Hello everyone I have decided to share my story with you all in hopes of finding some support as well as finding people who can relate to what I am going through. Throughout my journey so far on this diet, I have gone through obstacles that I thought would go away forever before starting. I suffer from binge eating disorder and have had this for about 2 years now. It has completely ruled my life. I have lost many friends and my relationship with my loved ones has suffered along the way. What started as eating a whole bag of chips has turned into uncontrollable eating. I stuff my face with whatever I can get my hands on when I am feeling emotions such as sadness, worry, or anger. Now, when I think about it, even when I do not feel these emotions, I tend to binge just because my body is so used to all the sugar and carbs.
This problem for me is primarily due to being thousands of miles away from my fiance due to school and it won't be awhile til we can be together in one place for good.
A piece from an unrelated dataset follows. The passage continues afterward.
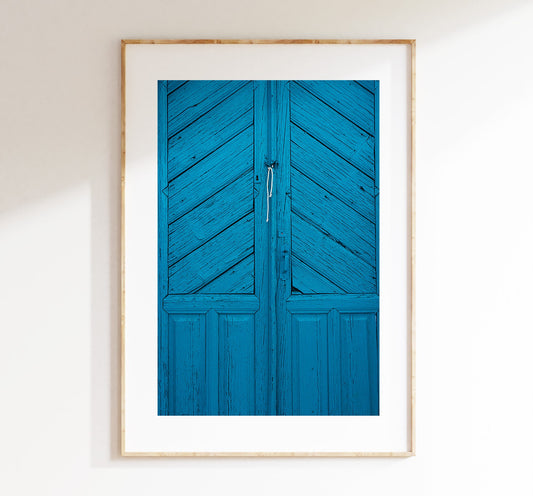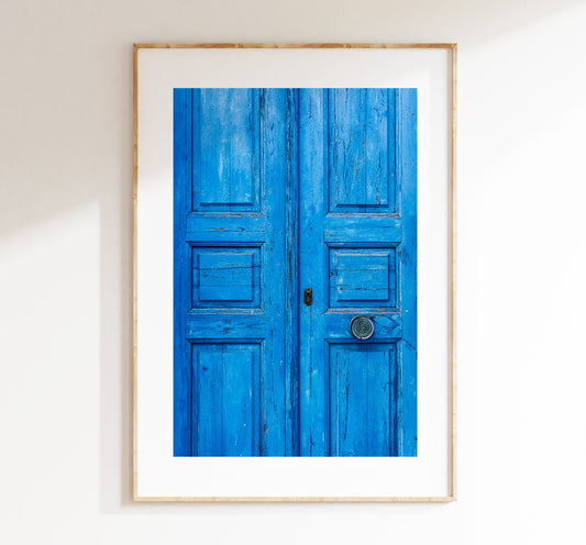 Blue Door Photography Print - Greece - Print - Poster - Santorini Photography - Greece Wall Art - Santorini Blue - Blue Wall Art Print

I know eating is not the answer. In fact, it makes the situation worse. I refuse to show my face after a binge episode for days and tend to skip school a lot. I do not feel as healthy as I used to and surely not as happy.
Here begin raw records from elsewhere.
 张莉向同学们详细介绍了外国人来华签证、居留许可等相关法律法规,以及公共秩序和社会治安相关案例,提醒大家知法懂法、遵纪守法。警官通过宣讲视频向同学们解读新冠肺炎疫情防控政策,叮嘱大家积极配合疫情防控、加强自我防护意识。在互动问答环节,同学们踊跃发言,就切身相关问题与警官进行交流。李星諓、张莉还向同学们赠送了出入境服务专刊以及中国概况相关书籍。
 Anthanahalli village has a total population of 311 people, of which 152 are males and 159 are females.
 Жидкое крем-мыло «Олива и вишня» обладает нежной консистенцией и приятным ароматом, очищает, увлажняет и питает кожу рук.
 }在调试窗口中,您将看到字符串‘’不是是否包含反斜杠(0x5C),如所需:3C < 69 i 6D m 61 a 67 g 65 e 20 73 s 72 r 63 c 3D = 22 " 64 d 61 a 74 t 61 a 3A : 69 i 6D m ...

So, I wanted to change which is why I took up this challenge to complete the hCG diet. I thought it would be my answer to "fixing" this problem I have. Ha, was I wrong. Stupid me. The urges to binge were still as strong as ever. Don't get me wrong, the first 10 days I did GREAT and lost 11 pounds. I was so happy. Then all hell broke lose. Last weekend I got upset over a minor issue and binged like no tomorrow for two days straight. I gained ALL 11 pounds back. Can you believe it!? Talk about a disappointment. But, I decided to keep going. So here I am. I am acting ask if this is day 3 instead of day whatever its supposed to be (Day 17?) and I am shooting for day 30 at least. Its more of a mental thing for me to think of this as day 3. I do not want to remember that I lost the battle in the end after 14 days. I really want to succeed. I know the urges will be there because I am still experiencing them but I have to learn again how to eat properly and take my emotions somewhere else rather than to food. I have received such great help from others and was told that a Leptin Reset may actually help me solve those urges during P3. Obviously, my body's chemistry is completely out of wack and it will take time to recover from 2 years worth of bashing it. I really cannot believe what I have allowed myself to become and I know it is time for a change. I am doing this for ME first of all and also for my loved ones, especially my fiance who has been so supportive of me.
I am also looking for some support from you to keep me going. Thank you so much in advance!